Armani film stirs battle of fashion giants
It's war. An age-old feud that has been gently simmering for the past few years was revived again yesterday by Giorgio Armani who opened his spring/summer 97 show with a short comic film called Salvation.
The film is a rags-to-riches tale of a young woman in Hollywood who makes her living selling magazines from a street kiosk. She's harassed by a series of unsavoury characters, one of whom is a brash, blonde drag queen with more than a passing resemblance to Donatella Versace, sister of Gianni, dressed in black leather bondage bra and gold medallion. "Blondie, blondie!" she yells in an Italian-American accent. "Disco, va bene!"
A white van with a Salvation Armani sign screeches to a halt, and men in white suits run out to give the unfortunate magazine seller an emergency makeover. She is transformed into a tasteful Armani princess in clean navy blue.

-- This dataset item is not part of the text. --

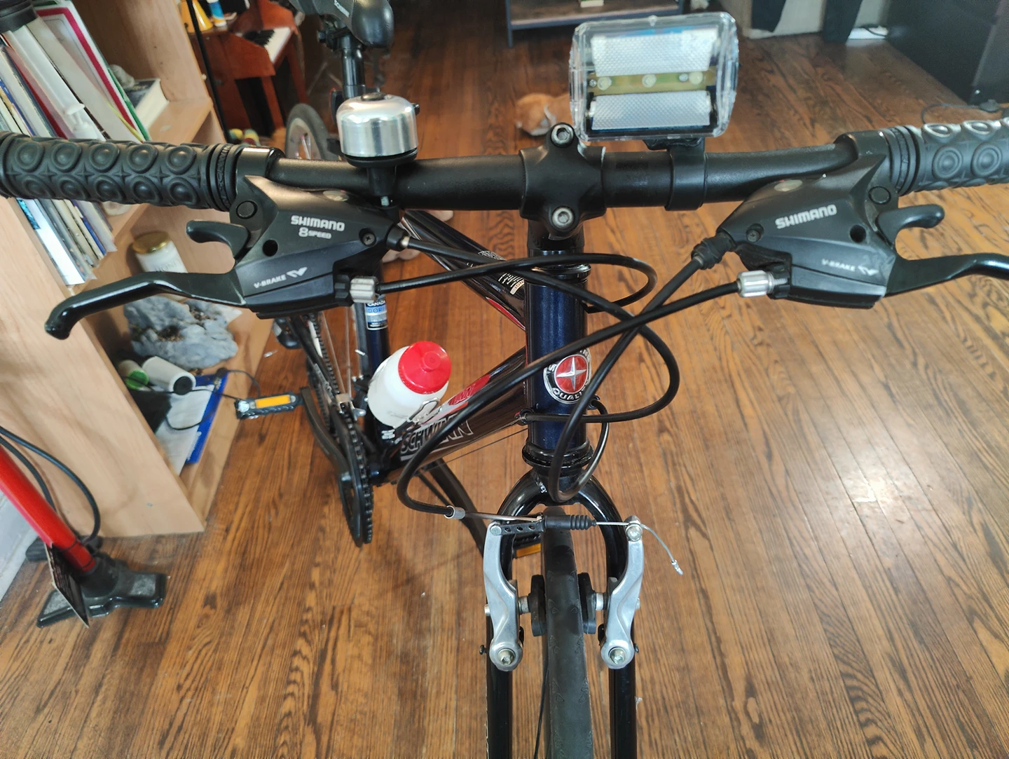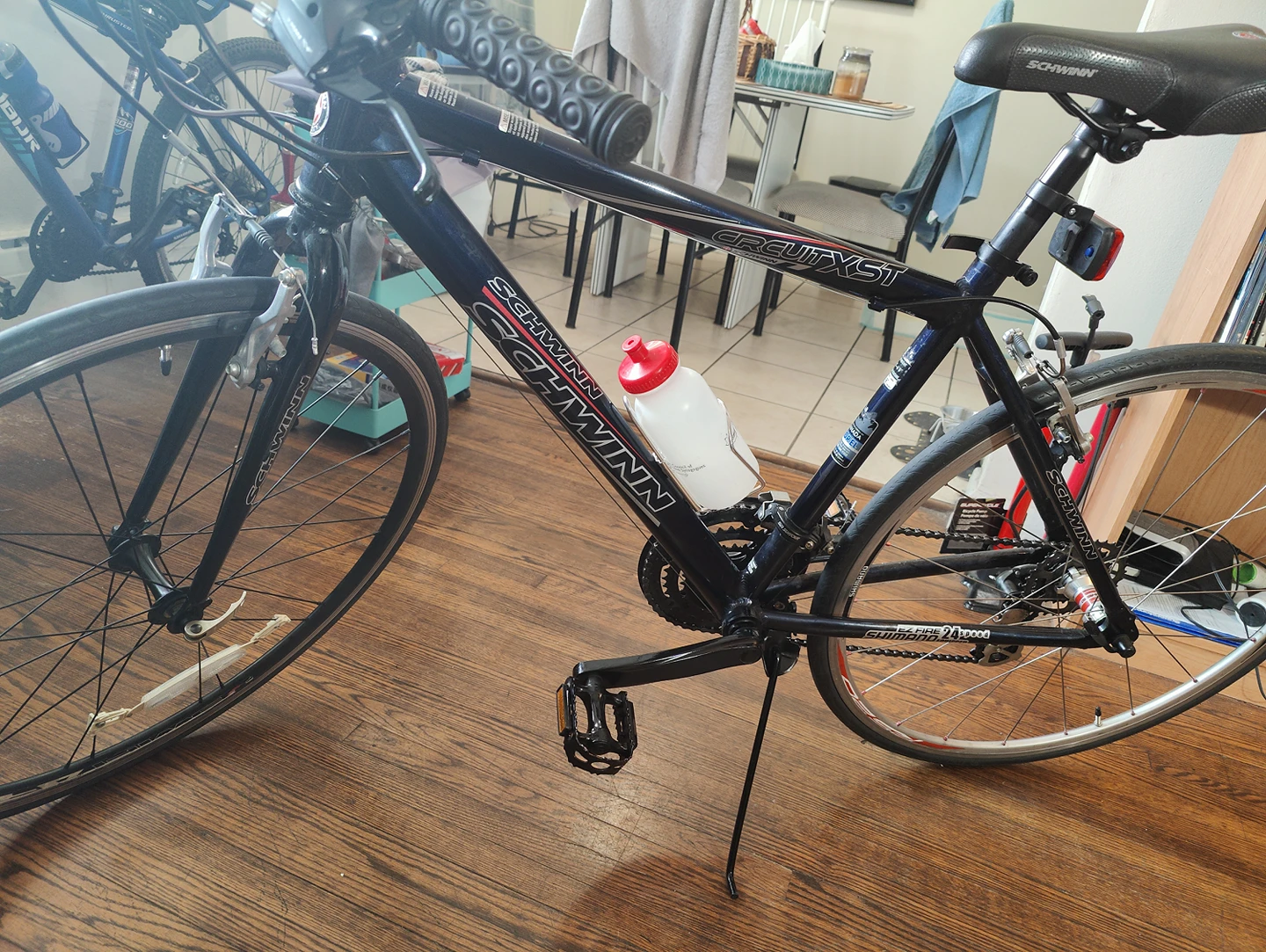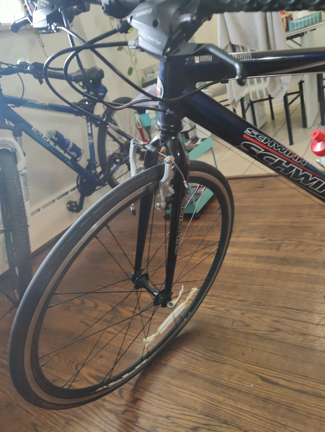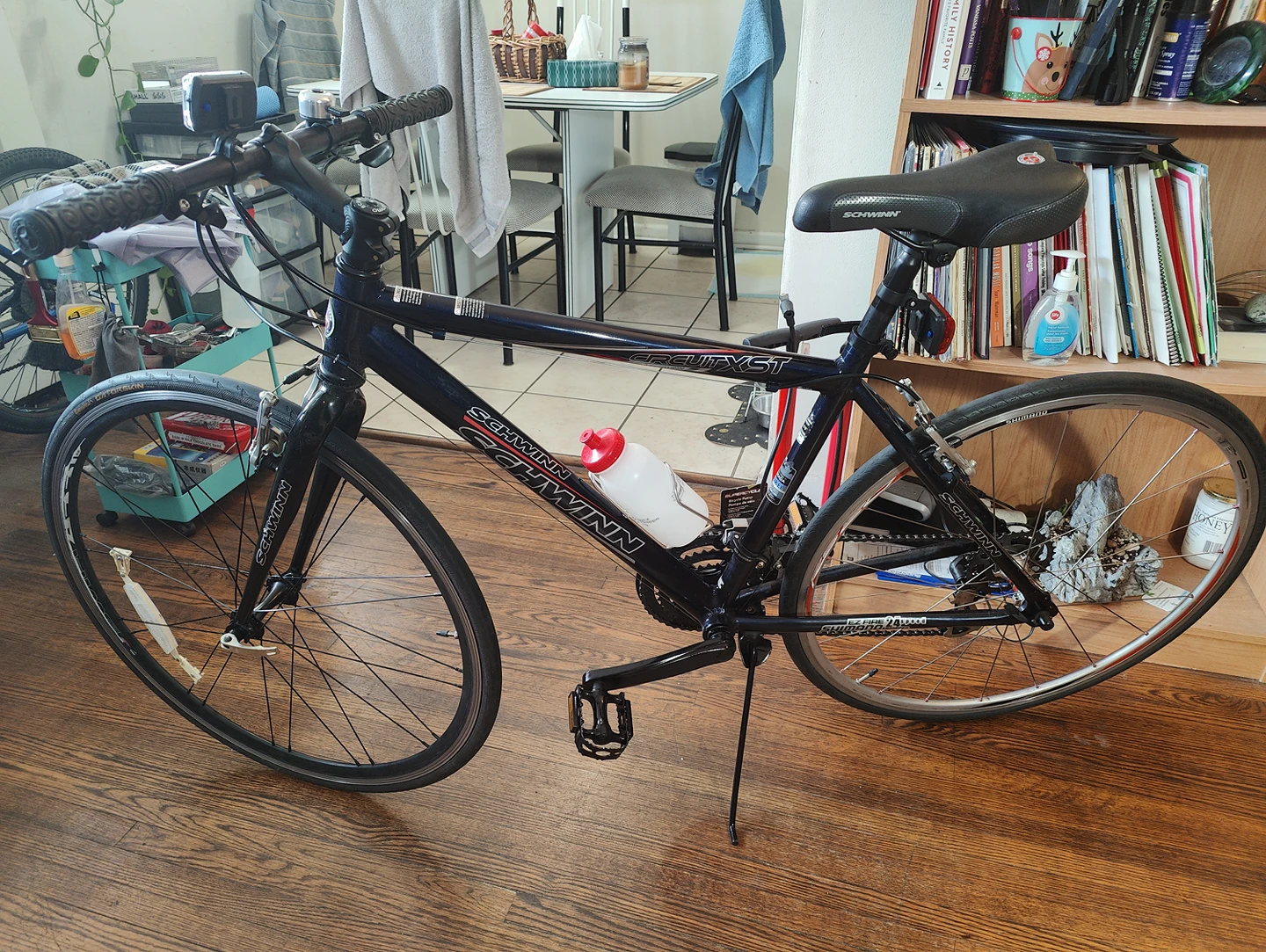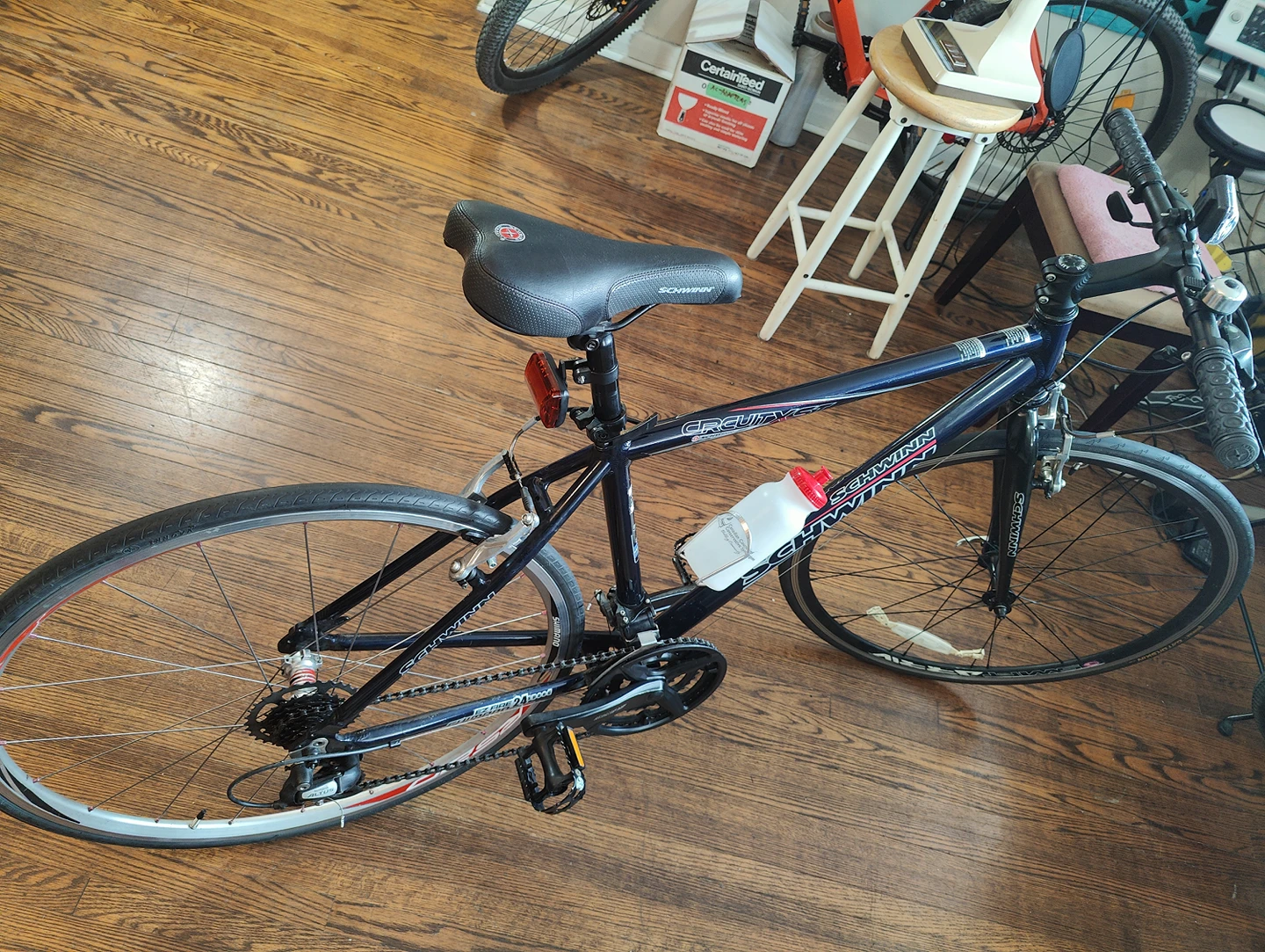 160Schwinn Circuit hybrid bike in excellent condition, frame 18", wheels 700cc. It fits with 5'5"-6" riders. Bike is in near mint condition, no rust, no scratches, freshly tuned up and serviced, 18" aluminum alloy frame. Tires in very good condition. 24 speed gearset, everything works as it should! Very nice, light weight, solid and well riding bicycle. Needs nothing to ride! Equipped with Shimano Arius derailleur and Shimano V-Brake - Shifters Combo, bottle with holder, front and rear battery lights and bell. ::::::: I am at M3H 4N9, Toronto. Finch and Dufferin is my closest intersection.

The film is a dig at Versace, with whom Armani has so often been compared. In recent seasons Versace, who likes to make dangerously daring dresses held together by safety pins has been paring down his collections while Armani, the beige classicist, has been injecting a bit more colour and pizazz to his. They are the two giants of Italian fashion but recently Gucci and Prada have stolen the limelight. On a visit to New York recently, Armani declared that fashion is dead. Armani likes to focus instead on perfect taste and style.
In Milan, some things do not change every season at fashion's whim. At Missoni yesterday, its luxury knitwear proved that it has resurrected itself from the dull and frosty. A quarter of the audience was wearing pieces of the label.